During the pre-training task, we shuffle samples from different cell types, and choose a large batch size to ensure that each batch contains a diverse set of training samples from different cell types. This can allow BatchNorm to better estimate the population statistics for unseen cell types.

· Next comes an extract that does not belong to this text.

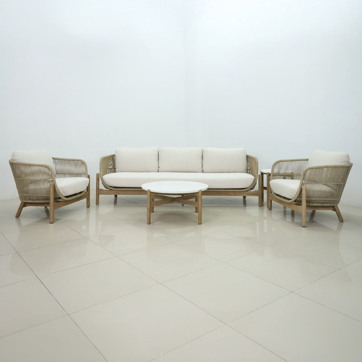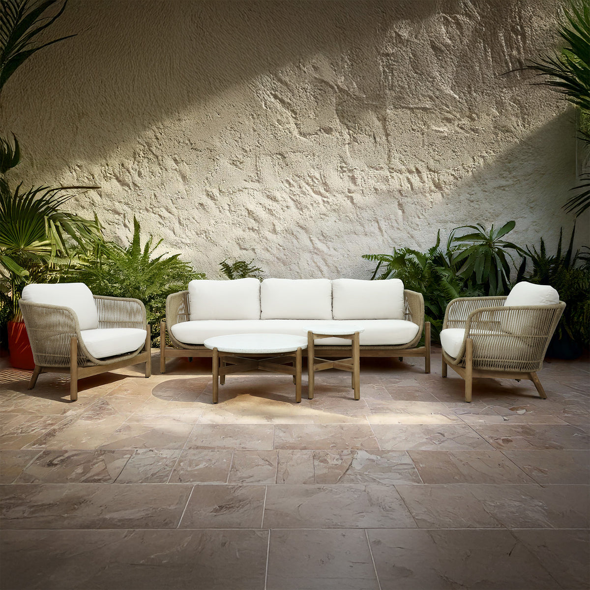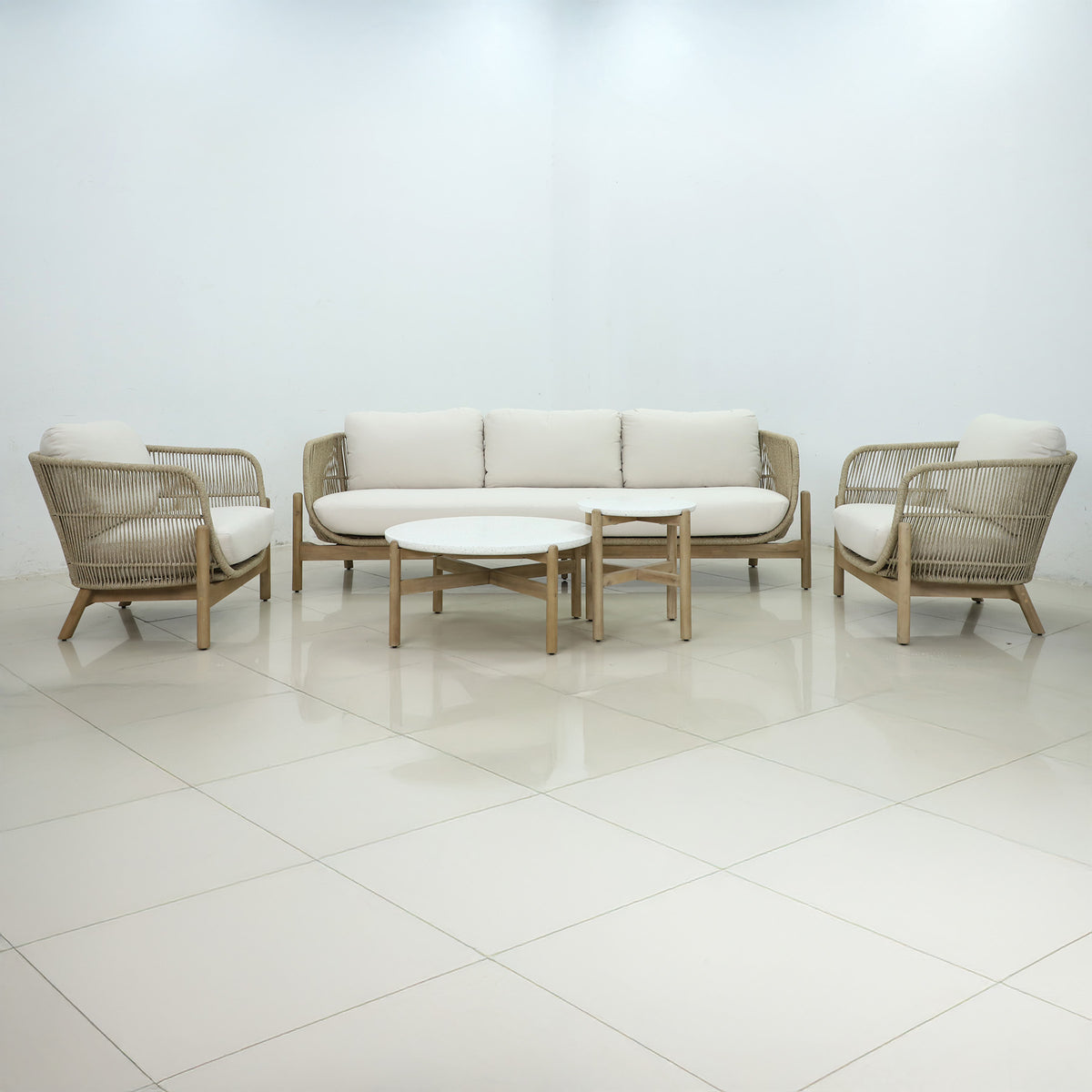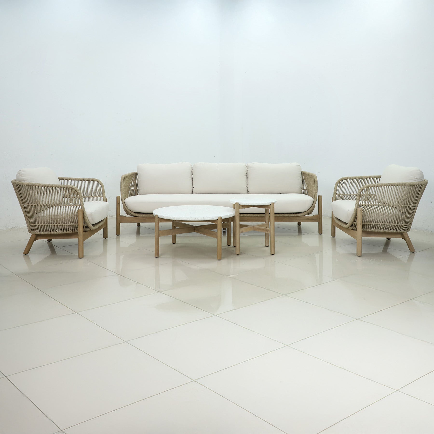 This set includes not one, but two sleek coffee tables, offering plenty of space for drinks, snacks, or decorative items, making it the perfect setting for both intimate conversations and larger gatherings. The combination of weather-resistant acacia wood and stylish rope accents ensures long-lasting durability, so you can enjoy your outdoor space year-round without worrying about wear and tear.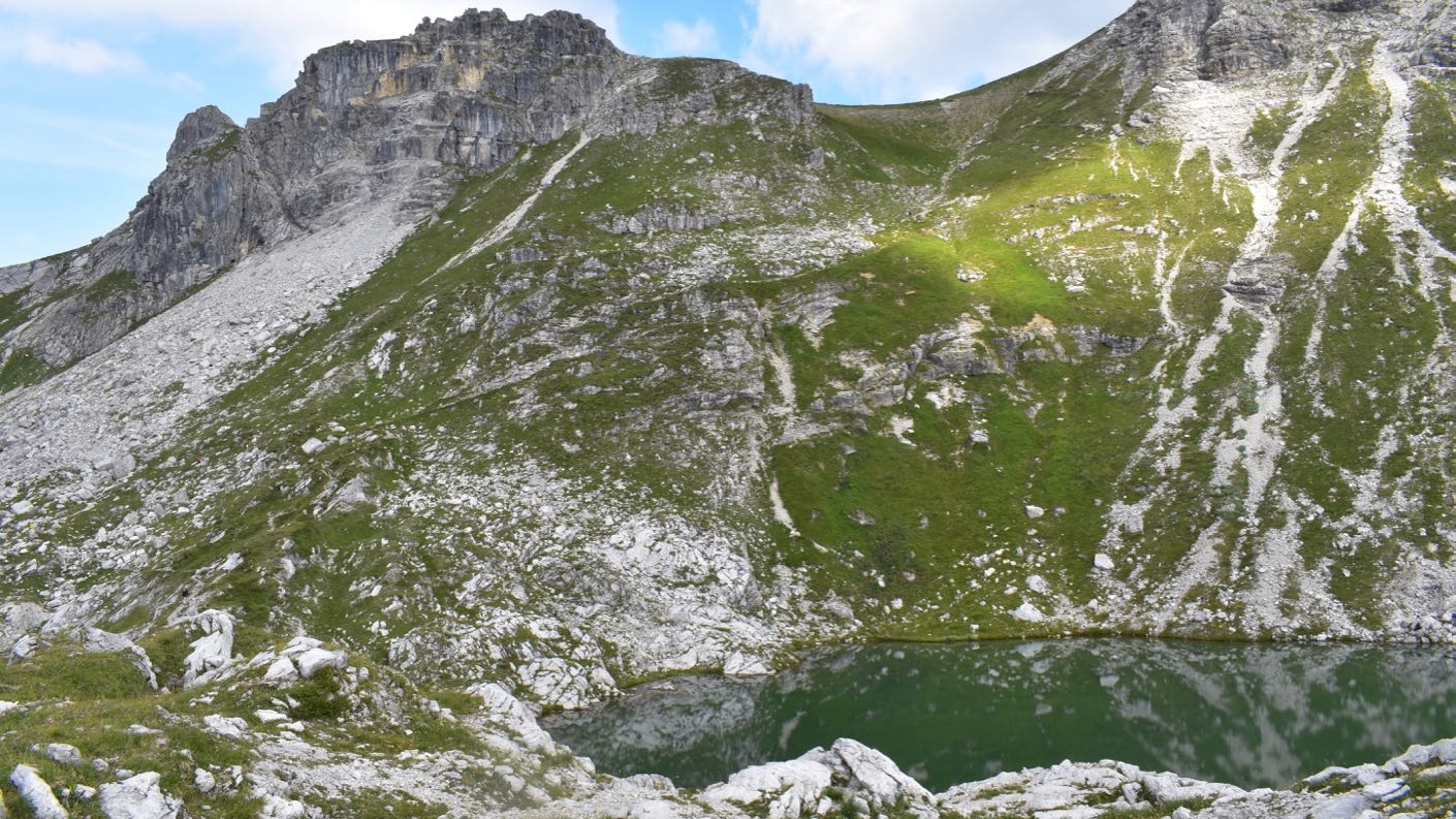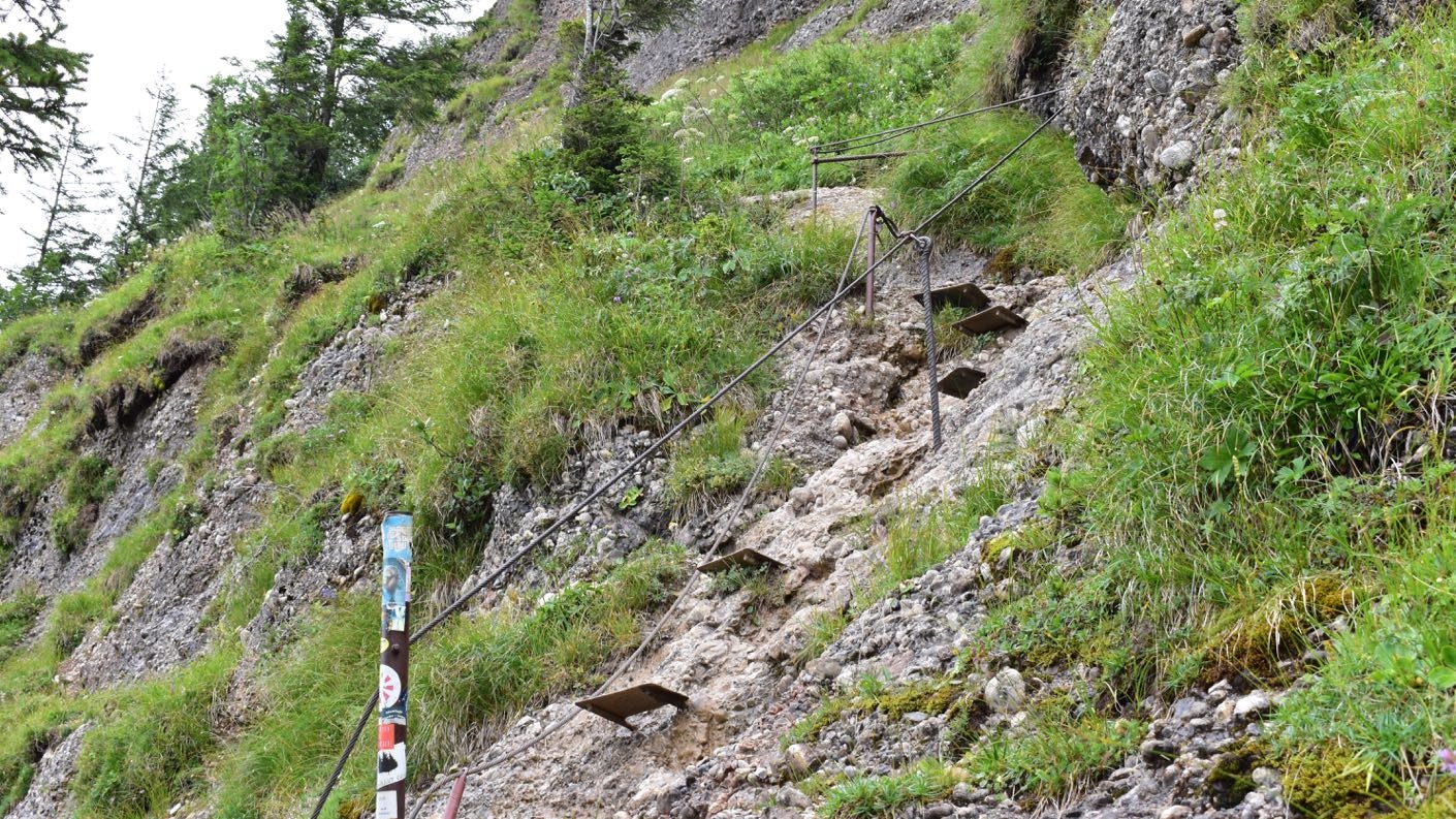 Danach geht es viele Kilometer weit immer abwechselnd auf und ab. An manchen Stellen muss man auch die Hände zum Vorwärtskommen benutzen. Auf dem Weg vorbei an Laufbichlsee und Koblatsee sind heute viele Wanderer unterwegs.

However, for downstream tasks like Micro-C prediction, where the input genomic region is large and the batch size is necessarily small, we indeed switch to using batch statistics during the cross-cell type inference by setting the batch size to 1. In this scenario, BatchNorm effectively becomes InstanceNorm, which normalizes each input sample independently across different cell types and helps the model to deal with new cell types. Here is the code for forcing BatchNorm to use batch statistics in the inference stage, which you can find in usage_util.py.

model.eval() 
for m in model.modules(): 
    if m.__class__.__name__.startswith('BatchNorm'): 
        m.train()

Hope this answers your question.

KazeDog commented 10 months ago

During the pre-training task, we shuffle samples from different cell types, and choose a large batch size to ensure that each batch contains a diverse set of training samples from different cell types. This can allow BatchNorm to better estimate the population statistics for unseen cell types.

However, for downstream tasks like Micro-C prediction, where the input genomic region is large and the batch size is necessarily small, we indeed switch to using batch statistics during the cross-cell type inference by setting the batch size to 1. In this scenario, BatchNorm effectively becomes InstanceNorm, which normalizes each input sample independently across different cell types and helps the model to deal with new cell types. Here is the code for forcing BatchNorm to use batch statistics in the inference stage, which you can find in usage_util.py.

Ok. Maybe I still need to understand your processing strategy in depth. Thank you for your reply.